The argument is advanced that there were two other bridges Wade could have used. Had an examination of this bridge showed defects or raised doubt in Wade's mind as to the capacity of this bridge, the fact that there were other
available routes might enter into the question as to whether he was negligent in crossing this one. But since an examination was made, no defects appeared, and the conclusion of all was that the bridge would safely carry the load, the matter of alternate routes is immaterial. Board of Com'rs of La Porte County v.Ellsworth, 9 Ind. App. 566, 37 N.E. 22.

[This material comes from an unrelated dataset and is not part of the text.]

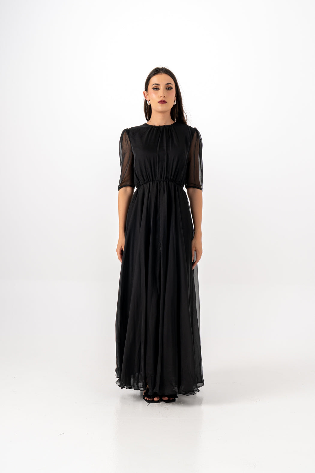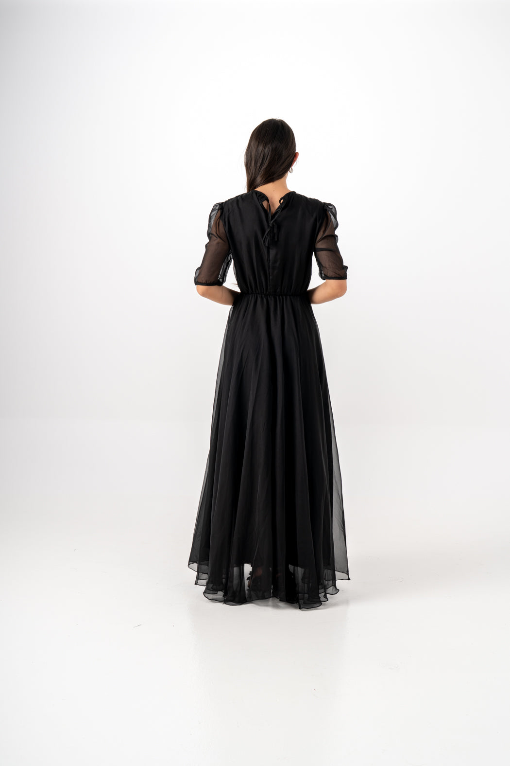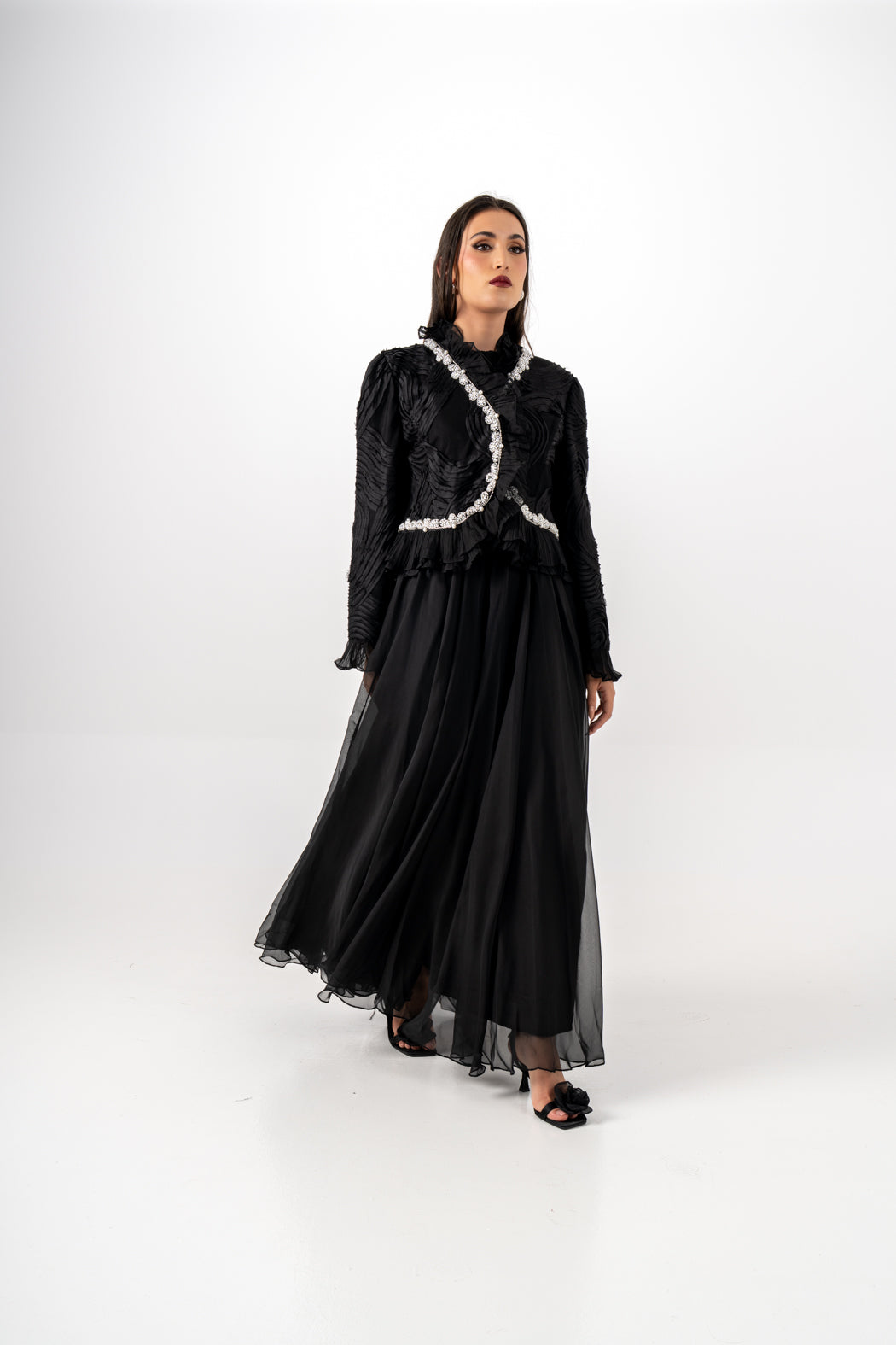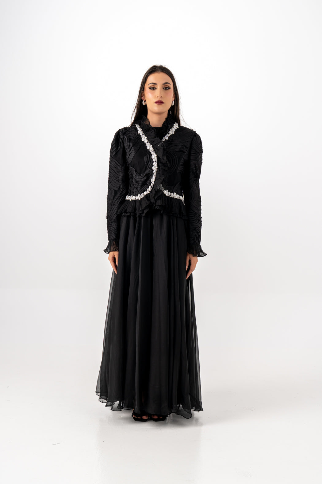 This stunning two-piece ensemble blends elegance and craftsmanship in perfect harmony. The look features a classic black or ivory maxi dress with a soft, flowing silhouette and sheer half sleeves, paired with a statement removable jacket adorned with intricate textured fabric and crystal embellishments.

This action is one brought by the owner of the dominant estate for damages to the right of way, against one using the roadway by the approval and consent of the servient estate. This was an easement, or bridge and roadway, used by both the dominant and servient estate, according to the terms of the instrument of its creation. Where the easement is thus used, an equitable distribution of the burden of maintenance and repair must be made. Lamb v. Lamb, 177 N.C. 150, 98 S.E. 307; Stevens v.Bird-Jex Co., 81 Utah 355, 18 P.2d 292; Bina v. Bina,213 Iowa 432, 239 N.W. 68, 78 A.L.R. 1216; Schuricht v. Hammen,221 Mo. App. 389, 277 S.W. 944. It follows that the judgment should be reversed with costs to appellants.